User Tools

Site Tools


en:developer:indexers

This is an old revision of the document!


Table of Contents

Indexers

Three indexing tools are used to index collections in Greenstone. They are MG, MGPP and Lucene. The index is physically located under folder: collect/collect-name/index.

MG

MG is the original indexer used by Greenstone which is described in the book "Managing Gigabytes". It does section level indexing and compression of the source documents. MG is implemented in C.

  • Search type: plain
  • The level information is specified in the index definition. Search and retrieval can only be done either at document level or section level. For the demo collection, three separate physical indexes are created by MG below:
indexes document:text section:text section:Title 

document:text contains the text of each document, section:text contains the section text, and section:Title contains the title of each section

The document and section parts determine the granularity of the searching and of the items retrieved. The document index returns a list of document numbers, the two section indexes return section numbers.

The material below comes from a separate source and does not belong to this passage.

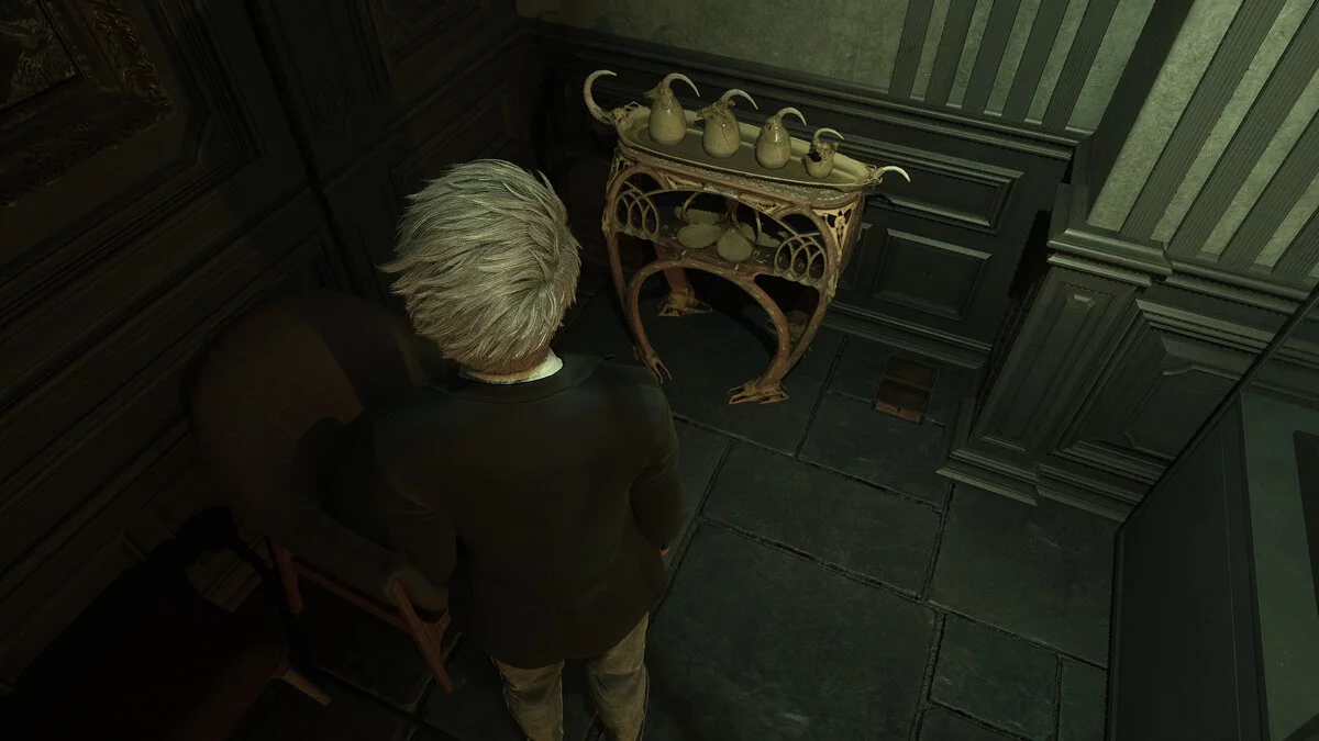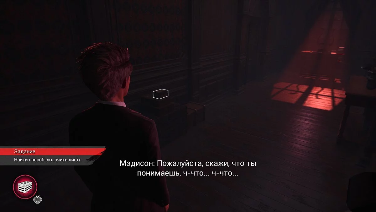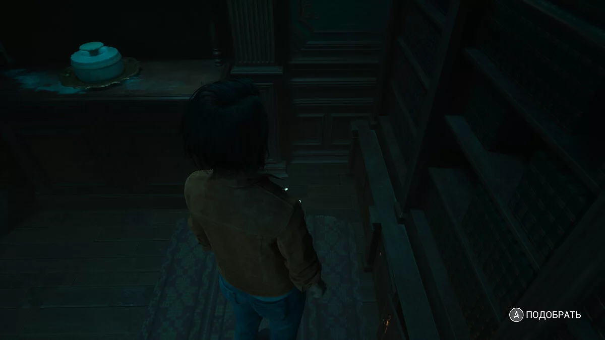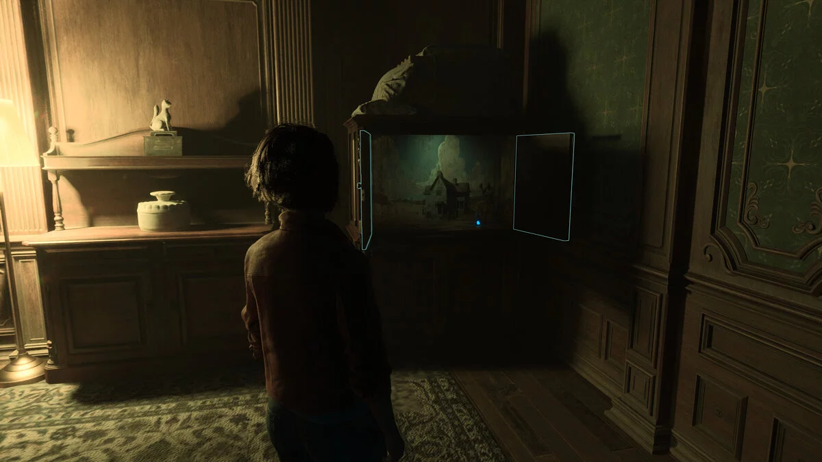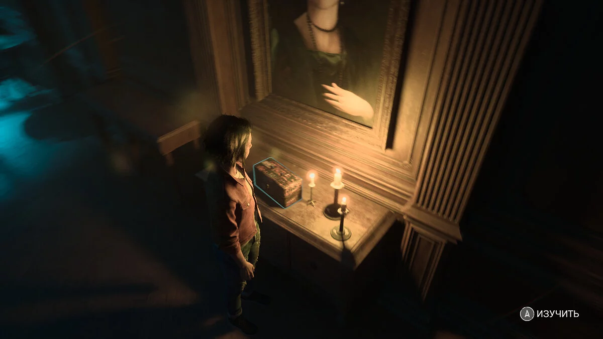 Оказавшись в вестибюле особняка вы продолжаете играть за Мэдисон. Тут стоит осмотреться. На первом этаже по левой стене есть освещенная картина. Под ней стоит ящичек с найденными ранее фигурами.

It uses a document level index rather than a word level index, so cannot do phrase searching or proximity searching.

MG can do:

  • compressed text
  • case folding
  • stemming
  • Boolean (AND OR NOT) or ranked searches (but not both at once)
  • phrase searching with MG in Greenstone will do an AND search. The results will be post processed to find the phrase.

Command line of running MG query or the new Java Queryer program:

mgquery -f <indexdir> -t <textdir>
java org.greenstone.mg.Queryer <basedir> <indexdir> <textdir> [[-h]]

where indexdir and textdir are the paths to the files in the index or compressed text, without the filename extension. e.g. collect/demo/index/dte/demo

MGPP

MGPP is a reimplementation of MG that provides word-level indexes and enables proximity, phrase and field searching. MGPP is implemented in C++. MGPP user guide

  • search type: plain, fielded
  • The MGPP index definition is like
indexes allfield, text, Title

The index specification can include the keywords: allfields, text or metadata, along with metadata elements that be found in the collection. For example, "Title","Subject","Organization" etc. The main advantage MGPP over MG is that searches can be done across multiple fields. For example, a search such as "Smith in Author and snail in Title" can be done.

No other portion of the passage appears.